Existe aqui uma tentativa de tornar essa obra uma espécie de registro ficcional quase imediato, mas o barato descamba para uma espécie de agrado da burguesia cinematográfica para si. Suas representações estão aliadas às recorrências da tela internacional e como isso se traduz na falibilidade da linguagem em tornar-se acessível diante da própria estrutura. Em resumo, o filme se esforça para trabalhar a “complexidade” da trama, tentando contornar seus problemas de ritmo com uma plasticidade monótona.
Contudo, “Perfil de uma mulher” possui seus méritos. Fukada é habilidoso em conseguir a tensão a partir de uma questão espacial tão bem definida e decupada. Esse rigor que o cineasta permuta com uma “organicidade” dessa unidade formal, faz com que a obra possua seu estranhamento através de noções de um tempo e espaço que se definem na objetiva como um corpo estranho de uma história estranha. É onde o longa consegue louros palpáveis, pois a mise-en-scène é cirúrgica em formular um protótipo pouco usual de uma iconoclastia do espaço. Por aí, o longa consegue um bom destaque nos festivais e alcança algumas participações relevantes.

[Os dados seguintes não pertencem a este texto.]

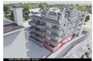
VISTA LATERAL BLOQUE - BLOQUE 1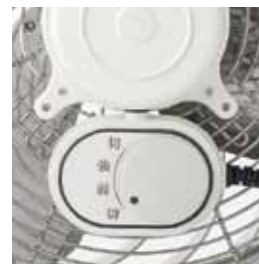
●強弱スイッチ(100V機種のみ)

Porém, isso tudo possui o preço do alinhamento com parte da indústria artística internacional, que faz uma espécie de concessão a partir de interesses de uma cinefilia local.
O nome do diretor japonês possui um peso distinto e compreensível, mas algumas transas com essas formas de representação acabam transformando o negócio todo em algo pouco “inovador”. Suas investidas na linguagem se colocam diante de uma dissolução nas formas expositivas de representações corriqueiras. Acaba se distanciando de paradigmas pré-estabelecidos, mas a verve fica na paquera do independente artístico com pouco vulcanismo, inclusive formal. É uma espécie de platô das produções exibidas internacionalmente, que encontrará refúgio nos Estações Net e Espaço Itaú da vida. E por mais que a obra possua questões formais interessantíssimas, ela se torna uma síntese desse ponto de estagnação da teoria cinematográfica que precisa curvar-se constantemente aos já conhecidos ícones cinematográficos afim de encontrar “novos respiros”.
Aí a retroalimentação nos projetos encontra espaço perfeito para proliferar e vermos todo santo ano, a mesma coisa, nos mesmos festivais. E “Perfil de uma mulher” até sai mais ileso dessa mimética burguesa, por conseguir trabalhar a questão espacial para transformar o drama em um suspense funcional, mas a lentidão torna tudo desinteressante e facilmente “abandonável”. É um ecrã de retratos distintos de paisagens rigorosamente separadas por ordem, que se fragilizam nesse ritmo que se dilata conforme a trama se multifaceta e ganha contornos a partir da suposta complexidade. Os mistérios que norteiam algumas decisões da montagem servem como pontos de fuga para uma transgressão dessa unidade, não há necessidades de viradas estonteantes e dribles fantásticos na linearidade do barato todo, mas a linguagem conduz diretamente para uma fragmentação dessa tela que não consegue escapar dos limites impostos por si.
“Perfil de uma mulher”, o novo filme de Fukada poderá dividir opiniões entre os fãs do cineasta, mas sem dúvida entrega material para discussões múltiplas e consegue trabalhar a noção espacial de uma maneira diferente do que o mercado vem nos proporcionando. O aviso deve ficar para os que estão indo às salas de cinema atrás de um entretenimento ou drama convincente, aqui o barato é dado em passos lentos e pode vir a provocar alguns bocejos na poltrona. Está longe de ser uma obra memorável, tampouco um dos destaques da carreira do cineasta, porém seus méritos formais elevam o filme para uma experiência que concebe a tensão a partir da própria forma.